__TASK REQUIREMENTS__. Search the entries for lines that contain the word "with", and report each one found.

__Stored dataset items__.
=== Section Start ===
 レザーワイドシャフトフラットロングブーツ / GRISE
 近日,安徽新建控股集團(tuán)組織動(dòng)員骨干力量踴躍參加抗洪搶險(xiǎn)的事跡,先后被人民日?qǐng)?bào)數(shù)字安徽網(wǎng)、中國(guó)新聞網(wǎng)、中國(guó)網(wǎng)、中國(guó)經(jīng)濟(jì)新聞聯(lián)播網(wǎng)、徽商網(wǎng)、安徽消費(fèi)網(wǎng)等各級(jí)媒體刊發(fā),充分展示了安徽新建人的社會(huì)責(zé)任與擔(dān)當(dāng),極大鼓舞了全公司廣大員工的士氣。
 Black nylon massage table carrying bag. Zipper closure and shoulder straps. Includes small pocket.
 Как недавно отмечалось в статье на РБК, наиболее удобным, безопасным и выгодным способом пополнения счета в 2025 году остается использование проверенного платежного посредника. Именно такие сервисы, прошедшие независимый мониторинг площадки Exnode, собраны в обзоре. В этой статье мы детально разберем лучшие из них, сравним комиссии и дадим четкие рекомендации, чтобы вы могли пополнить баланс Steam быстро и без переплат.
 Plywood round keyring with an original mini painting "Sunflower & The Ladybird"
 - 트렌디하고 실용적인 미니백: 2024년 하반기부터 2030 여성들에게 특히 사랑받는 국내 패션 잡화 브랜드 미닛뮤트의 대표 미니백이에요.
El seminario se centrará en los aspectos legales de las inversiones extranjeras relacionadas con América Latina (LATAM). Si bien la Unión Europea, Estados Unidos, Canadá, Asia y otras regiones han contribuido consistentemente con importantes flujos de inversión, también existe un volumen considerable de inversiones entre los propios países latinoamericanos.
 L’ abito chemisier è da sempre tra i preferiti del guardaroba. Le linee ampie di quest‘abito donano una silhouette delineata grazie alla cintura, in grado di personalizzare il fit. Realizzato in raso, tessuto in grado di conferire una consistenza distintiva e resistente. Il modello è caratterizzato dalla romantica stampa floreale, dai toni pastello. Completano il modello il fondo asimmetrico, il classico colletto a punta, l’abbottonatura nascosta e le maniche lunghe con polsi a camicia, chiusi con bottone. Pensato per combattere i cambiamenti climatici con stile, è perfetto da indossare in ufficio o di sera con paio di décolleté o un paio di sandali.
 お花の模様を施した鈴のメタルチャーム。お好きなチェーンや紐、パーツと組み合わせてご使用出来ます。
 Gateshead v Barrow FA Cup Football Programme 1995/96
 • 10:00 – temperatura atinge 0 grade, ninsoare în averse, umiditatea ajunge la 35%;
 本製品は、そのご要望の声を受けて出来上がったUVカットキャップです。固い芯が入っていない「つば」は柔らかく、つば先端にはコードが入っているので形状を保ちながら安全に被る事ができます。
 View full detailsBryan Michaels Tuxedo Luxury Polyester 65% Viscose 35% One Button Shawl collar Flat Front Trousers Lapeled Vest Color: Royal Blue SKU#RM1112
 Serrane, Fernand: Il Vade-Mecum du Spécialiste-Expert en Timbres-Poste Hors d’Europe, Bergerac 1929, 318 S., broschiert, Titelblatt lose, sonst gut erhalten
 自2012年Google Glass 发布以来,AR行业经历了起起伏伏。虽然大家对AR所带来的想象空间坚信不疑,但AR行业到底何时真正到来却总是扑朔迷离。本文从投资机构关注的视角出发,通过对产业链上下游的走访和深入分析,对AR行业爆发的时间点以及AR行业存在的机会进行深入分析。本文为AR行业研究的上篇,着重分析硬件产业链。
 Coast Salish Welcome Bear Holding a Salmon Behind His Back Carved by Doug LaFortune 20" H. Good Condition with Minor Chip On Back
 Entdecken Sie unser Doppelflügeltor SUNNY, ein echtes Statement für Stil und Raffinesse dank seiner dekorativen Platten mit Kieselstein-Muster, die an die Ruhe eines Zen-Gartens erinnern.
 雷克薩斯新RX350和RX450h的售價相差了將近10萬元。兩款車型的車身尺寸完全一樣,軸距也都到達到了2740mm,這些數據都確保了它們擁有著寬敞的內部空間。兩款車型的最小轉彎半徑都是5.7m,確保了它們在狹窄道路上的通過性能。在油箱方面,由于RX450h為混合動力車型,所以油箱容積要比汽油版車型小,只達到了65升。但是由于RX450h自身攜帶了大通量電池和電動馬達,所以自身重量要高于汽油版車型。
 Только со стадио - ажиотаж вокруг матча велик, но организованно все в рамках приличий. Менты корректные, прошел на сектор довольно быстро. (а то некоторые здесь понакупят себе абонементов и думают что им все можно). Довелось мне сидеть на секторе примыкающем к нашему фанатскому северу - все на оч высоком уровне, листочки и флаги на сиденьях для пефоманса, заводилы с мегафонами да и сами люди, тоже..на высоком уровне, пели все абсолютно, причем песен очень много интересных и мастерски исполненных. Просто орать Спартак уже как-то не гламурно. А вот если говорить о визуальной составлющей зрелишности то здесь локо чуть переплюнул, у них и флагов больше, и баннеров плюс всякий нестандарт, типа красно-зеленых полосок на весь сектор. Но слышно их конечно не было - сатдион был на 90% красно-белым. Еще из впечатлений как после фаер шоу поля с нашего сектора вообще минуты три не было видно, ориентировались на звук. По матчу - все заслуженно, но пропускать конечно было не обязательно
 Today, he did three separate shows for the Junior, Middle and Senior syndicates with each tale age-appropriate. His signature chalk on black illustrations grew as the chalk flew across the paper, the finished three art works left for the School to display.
=== Section End ===
__RESPONSE FOR THIS EXERCISE__.
 Plywood round keyring with an original mini painting "Sunflower & The Ladybird"
 Coast Salish Welcome Bear Holding a Salmon Behind His Back Carved by Doug LaFortune 20" H. Good Condition with Minor Chip On Back
 Today, he did three separate shows for the Junior, Middle and Senior syndicates with each tale age-appropriate. His signature chalk on black illustrations grew as the chalk flew across the paper, the finished three art works left for the School to display.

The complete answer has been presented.